The length check looks good, though adding a unit test for the IsCommand method seems like a good idea.

I'm less sure about the exception handling change. With this, failures go unreported and potentially undetected. Also, changing from catch (TerminatingException) to catching all exceptions also feels like a bad idea, at least by default. What is the actual scenario you're concerned about here?

Ideally this would be two PRs so we could discuss each change separately. They seem unrelated.

mnmr commented 1 year ago

The length check looks good, though adding a unit test for the IsCommand method seems like a good idea.
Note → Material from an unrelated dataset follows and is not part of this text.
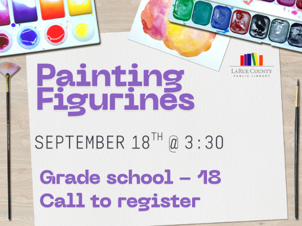 Bring out your inner artist and join us on Thursday, September 18th @ 3:30pm to paint figurines! Grade School - 18. Call to register.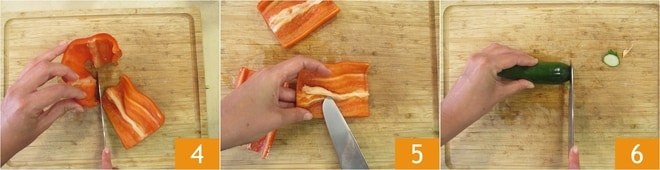 Divididlo en 3 piezas grandes 4 y eliminad los filamentos internos 5, luego aplastadlos ligeramente para aplanarlos. Quitad los extremos de los calabacines 6.

I have created some unit tests to validate the changes made. I started out by making tests to certify the old behavior, where NetMQ would throw an exception if the length byte in a command message was invalid. I then proceeded to verify that the new code works also in this scenario, without throwing an exception. I've included the test case proving the old behavior (uncommented) to make it easier for you to review.

I'm less sure about the exception handling change. With this, failures go unreported and potentially undetected. Also, changing from catch (TerminatingException) to catching all exceptions also feels like a bad idea, at least by default. What is the actual scenario you're concerned about here?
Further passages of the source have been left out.